What are the functions of the microbiome in health?
Protecting against pathogens,
interacting with the immune system.
Also some digestive enzyme activity,
and synthesis of vitamins.
And where this is important is, if we think we are going to
modify this with probiotics, probiotics may have effects
we're not even thinking about.
We do need to think beyond the positive beneficial effects
that I think so many people are focused on,
in part because of the definition of probiotics.
So this graph is well-known, I think to almost everybody.
This came from Jeff Gordon's lab,
and basically the idea here was to look at family members
in three countries, and to study their microbiome.
And what this basically shows is,
earlier I said it was all over when we were age 49,
because the mucosal flu vaccine couldn't be used.
When you look at the stool, it's all over by age 3.
The variability goes down dramatically.
So it's in those first three years of life
that there is a lot of diversity.
There areāthe data came from people in the midwest in the
United States, people from rural Malawi,
and also a relatively and actually a completely isolated
group of Amerindians in Venezuela.
I think after age 3, you can also see that people have
different signatures in their gut microbiome.
So in all the populations, though,
the microbiome is stable by about age 3.
There are significant differences between
the U.S. and non-U.S.,
raising all sorts of questions, not only relating to diet
and genetics of the host, et cetera.
But what does this mean for those novel therapies
of the future?
What it may mean is that if we manipulate and bring in
probiotics in the first three years of life,
the impact may be the greatest.
That may be the best opportunity.
But that needs to be studied, and we've also got to understand
that maybe long-term negative consequences of that.

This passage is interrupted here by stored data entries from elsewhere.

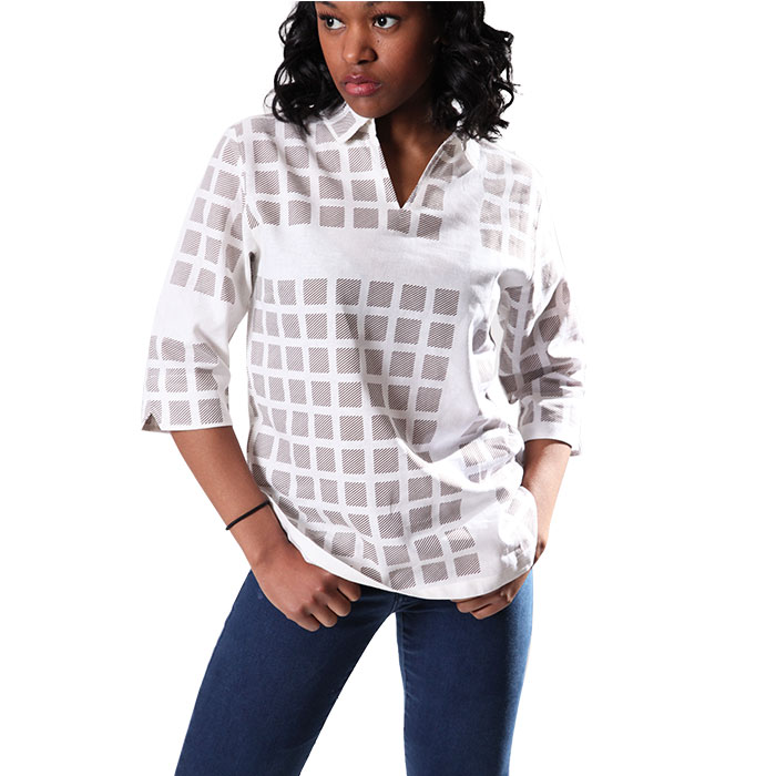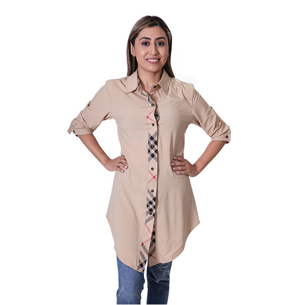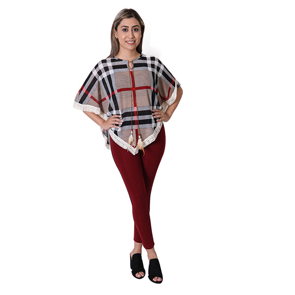 Women Kaftan Sleeve Top Beige With Maroon Black And White Checked Crossfit Dress Pants Set
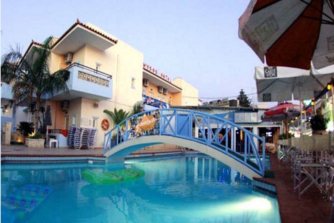 Het Dionyssos Hotel, gelegen op korte afstand van de luchthaven van Heraklion (N. Kazantzakis) en de haven, is gunstig gelegen aan de strandweg van Malia, op slechts 700 meter van de kust. Gasten kunnen genieten van een verfrissend zwembad met gratis ligbedden en parasols, een hot tub en biljart (tegen betaling). Extra voorzieningen zijn onder andere een grootbeeld-tv voor voetbalwedstrijden en een selectie bordspellen. Elke kamer beschikt over een gemeubileerd balkon of terras, gratis airconditioning, satelliet-tv, een telefoon met directe buitenlijn en een koelkast. Een kluis is beschikbaar tegen een kleine dagelijkse vergoeding. De meeste kamers bieden plaats aan een extra bed, een standaard extra bed of een slaapbank, perfect voor gezinnen. De badkamers zijn uitgerust met een douche, toilet, make-upspiegel en haardroger.
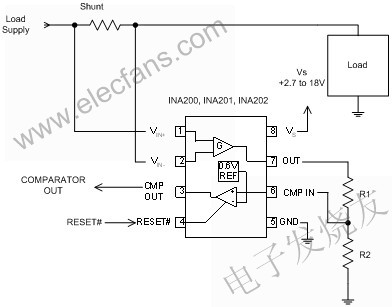 在許多應(yīng)用中,電流應(yīng)與某個(gè)設(shè)定值相比較。通常說來,進(jìn)行電流比較還需要電流分路監(jiān)控器、比較器和參考電壓。此外,理想的比較器輸出應(yīng)與大多數(shù)常見的邏輯電路很好地兼容。圖5給出了電流比較的例子。在本例中,將電流與采用TIINA200系列電流分路監(jiān)控器和比較器的簡(jiǎn)單單電壓結(jié)點(diǎn)進(jìn)行了比較。R1和R2形成分壓器,以根據(jù)INA200系列比較器的內(nèi)置0.6V電壓結(jié)點(diǎn)來設(shè)置電壓結(jié)點(diǎn)。(INA200系列的增益很有特點(diǎn):INA200的增益為20,INA201的增益為50,INA202的增益為100。)

I'm personally concerned it may be more difficult
to manipulate the microbiome in adulthood,
but I think that remains an open question.
And the role of diet really does need to be considered in
probiotic studies, and I think in many circumstances,
just has not.
This slide, which is also probably well known to you,
really looks at the variability and why there might be so much
variation in those first three years of life.
Here's the problem.
There are so many things that affect what colonizes the GI
tract to the baby relating to the mother,
the birth process, and the early feeding,
and also probably the excessive use of antibiotics in children.
And what we have also learned over time,
that as probably a result of the fact that there are
so many variables, it doesn't seem too surprising to me
that each individual is more like themselves
than like anybody else.
So what are the implications of this relating to probiotics?
It may mean that probiotics are not going to do the same thing
in everybody.
Certainly in terms of altering organisms that are present in
the GI tract, and potentially elsewhere as well.
But what they may do is have similar effects based on
function, and I think the early data from Dr. Fraser's lab does
raise some interesting questions in this area.
These data, I'm sure you've seen before as well.
This also addresses that around the body,
there are different organisms.
I don't think this is a huge surprise,
an infectious disease doc would have said this as well,
but I think the variability that we understand of the
micro-organisms that are in each of the locations are important,
and we do need to consider the effects on the various site and
potential for immune modulation in one site versus another.
So I think that's another issue we need to consider.